USD/JPY drops to 105.00 as Tokyo opens for trading on Wednesday. The yen pair stays depressed near the multi-day low as risk-tone remains heavy amid a lack of progress in the US policymakers’ negotiations over the much-awaited fiscal package. Also weighing on the pair could be the coronavirus (COVID-19) woes and market expectations of dovish comments from the US Federal Reserve (Fed) Chairman Jerome Powell during today’s post-Federal Open Market Committee (FOMC) meet.

Pessimism is all-pervasive…

Be it the American Senators’ inability to agree over the trillion-dollar worth stimulus or the losses due to the pandemic, not to forget the US-China tussle, many catalysts are supporting the current risk-off momentum. As a result, the USD/JPY pair, considered as a risk barometer, dwindles to the lowest since early-March.

Early in Asia, US House Speaker Nancy Pelosi and White House Chief of Staff Mark Meadows cited differences among the policymakers over the details of phase 4 COVID-19 bill. Other than the delay in decision-making, nearness to the expiry of unemployment claim benefits also magnifies the market pessimism.

Elsewhere, US President Donald Trump pushed hard to rekindle vaccine hopes and the Fed also played their part while extending expiries of the previously announced stimulus measures. However, nothing could beat the virus woes as global numbers rose past-16.00 million.

Against this backdrop, Wall Street closed in negative on Monday whereas the US dollar’s gains from two-year low also failed to defy the USD/JPY. Further, the US 10-year Treasury yields remain depressed around 0.58% with Japan’s Nikkei 225 down 0.50% to 22,545 by the press time.

Moving on, global markets may witness the pre-Fed trading lull but risk catalysts may offer intermediate moves.

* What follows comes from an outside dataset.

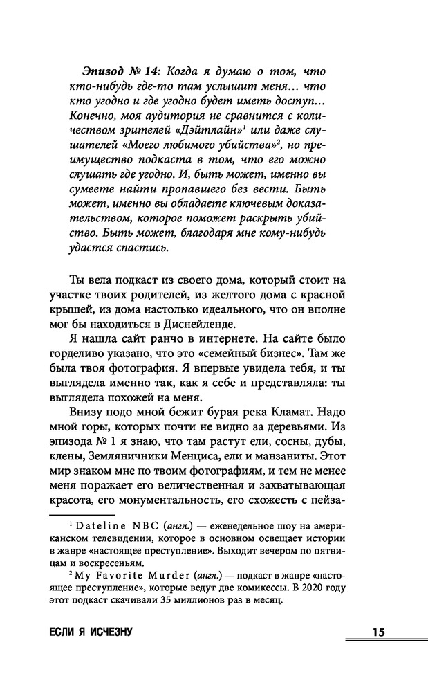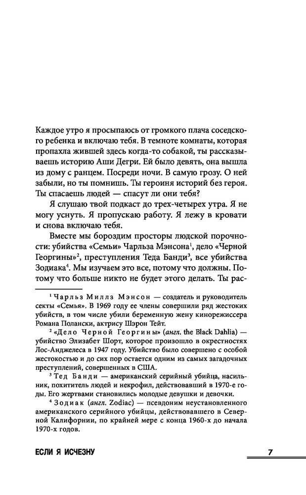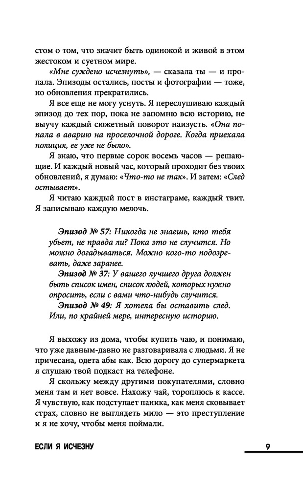 Сера может наизусть процитировать каждый эпизод подкаста о настоящих преступлениях. Эти истории дают ей чувство контроля и защиты в мире, где женщины исчезают ежедневно. Поэтому, когда ведущая подкаста по имени Рэйчел пропадает, Сера понимает, что обязана спасти девушку, ведь именно Рэйчел учила ее всегда доверять своим инстинктам.

Also important will be comments from the BOJ policymaker who may shed light on the Japanese central bank’s easy stand amid the pandemic.

Technical analysis

Only if the bulls manage to close beyond June month’s low around 106.10, they can look for the early-month top beyond 108.00. Until then, March 11 low near 104.10 and 102.70 may entertain the bears ahead of the yearly bottom surrounding 101.20/15.